Problem D
Stigavörður
You really like playing games with your friend. This time, however, you are stuck being the score keeper for two of your friends. They are playing a game where $n$ numbered tiles lay on the board in a line. The players can do one of two moves each turn:
-
Select a single tile and change the number on a that tile.
-
Select some two numbers $j$ and $k$, such that $1 \leq j \leq k \leq n$ and score
\[ a_ j \oplus a_{j + 1} \oplus \dots \oplus a_{k - 1} \oplus a_ k \]points, where $a_ i$ is the number on the $i$-th tile and $p\oplus q = \mathrm{gcd}(p,q)$ represents the greatest common divisor of $p$ and $q$, that is, the largest integer $s$ such that both $p/s$ and $q/s$ have no remainder.

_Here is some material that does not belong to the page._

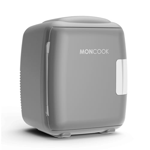MONCOOK Mini Fridge For Bedrooms - Small, Portable & Quiet Mini Fridges For Skincare, Medicine, Food & Drinks - Cooling & Warming Function - Perfect For Home, Office, Car Or Travel - 9L - Grey Mono
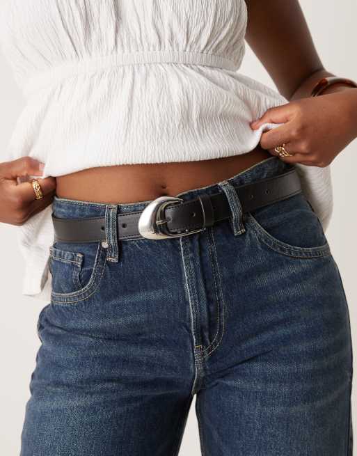 ASOS DESIGN – Svart höft- och midjeskärp med vinklat spänne

You are not quite sure what the goal of the game is, but that does not matter. All you need to do is keep track of the scores.
Input
The first line of the input contains two integers $n$ and $q$, where $1 \leq n \leq 10^5$ and $1 \leq q \leq 10^5$. The next line contains $n$ integers, all of which are larger than zero, but none of which are larger than $10^9$. The next $q$ lines each contain three integers $x$, $y$, and $z$. Each line describes a single turn in the game. The integer $x$ is either $1$ or $2$. If $x=1$, then $1 \leq y \leq n$ and $1 \leq z \leq 10^9$, and this means a player changed the number on the $y$-th tile to $z$. If $x=2$, then $1 \leq y \leq z \leq n$, and this means a player scored, as described above, with $j=y$ and $k=z$.
Output
For each turn in the game, in order, where a player scores, the output should contain a line with the score achieved that turn.
Scoring
|
Group |
Points |
Scoring |
|
1 |
50 |
$1 \leq n, q \leq 100$ |
|
2 |
50 |
No further constraints |
| Sample Input 1 | Sample Output 1 |
|---|---|
4 7 1000000000 7 4 100 2 1 1 2 2 2 2 3 3 2 4 4 2 1 4 1 2 6 2 1 4 |
1000000000 7 4 100 1 2 |